4> Monitor you CPU, fire more requests at it until it
     hits 100%. Note that there are occasions where the
    servlet container limits the number of outstanding
     requests it will allow and queues ones over that
     limit (find the magic setting to increase this if it's a
     problem, it differs by container). If you start to see
     your response times lengthen but the CPU not being
    fully utilized, that may be the cause.
5> How high is "high performance"? On a stock solr
     with the Wikipedia dump (11M docs), all running on
     my laptop, I see 7K docs/sec indexed. I know of
     installations that see 60 docs/sec or even less. I'm
    sending simple docs with SolrJ locally and they're
     sending huge documents over the wire that Tika
     handles.
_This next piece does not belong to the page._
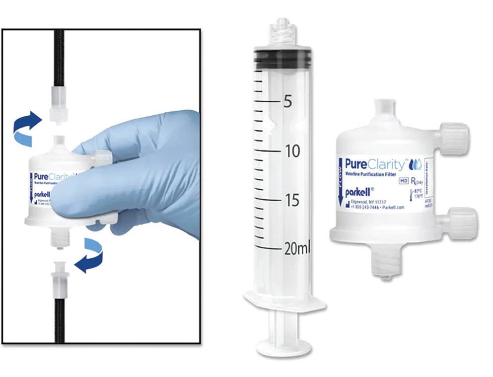 Like sterilization, a critical but somewhat invisible process that significantly impacts the cleanliness of your patient care system is waterline management. A simple product for maintenance of waterlines that run directly to ultrasonic hygiene scalers, like the Parkell™ TurboVue®, is the Parkell PureClarity™ Scaler Waterline Purification System. Using a simple Luer-lock system, it can be added onto existing waterlines and will eliminate all bacterial passthrough for up to six months. While I’m sure you test your water on a regular basis and have filtration for your whole office for lines coming from municipal sources, this last gate-keeping mechanism ensures that water is clean when it is used in a patient’s mouth. First shock the waterline and flush it, then attach the PureClarity filter. If you want to use it for the full lifetime of the filter, you should install it downstream from a sediment trap, such as the Parkell Sediment Water Filter. The Parkell system is simple to use and an easy way to guarantee patient safety.

There are just so many variables it's hard
     to say anything except "try it and see"......

Best
Erick

On Fri, Feb 3, 2012 at 3:55 AM, Per Steffensen <st...@designware.dk> wrote:
> Hi
>
> This topic has probably been covered before, but I havnt had the luck to
> find the answer.
>
> We are running solr instances with several cores inside. Solr running
> out-of-the-box on top of jetty. I believe jetty is receiving all the
> http-requests about indexing ned documents, and forwards it to the solr
> engine. What kind of parallelism does this setup provide. Can more than one
> index-request get processed concurrently? How many? How to increase the
> number of index-requests that can be handled in parallel? Will I get better
> parallelism by running on another web-container than jetty - e.g. tomcat?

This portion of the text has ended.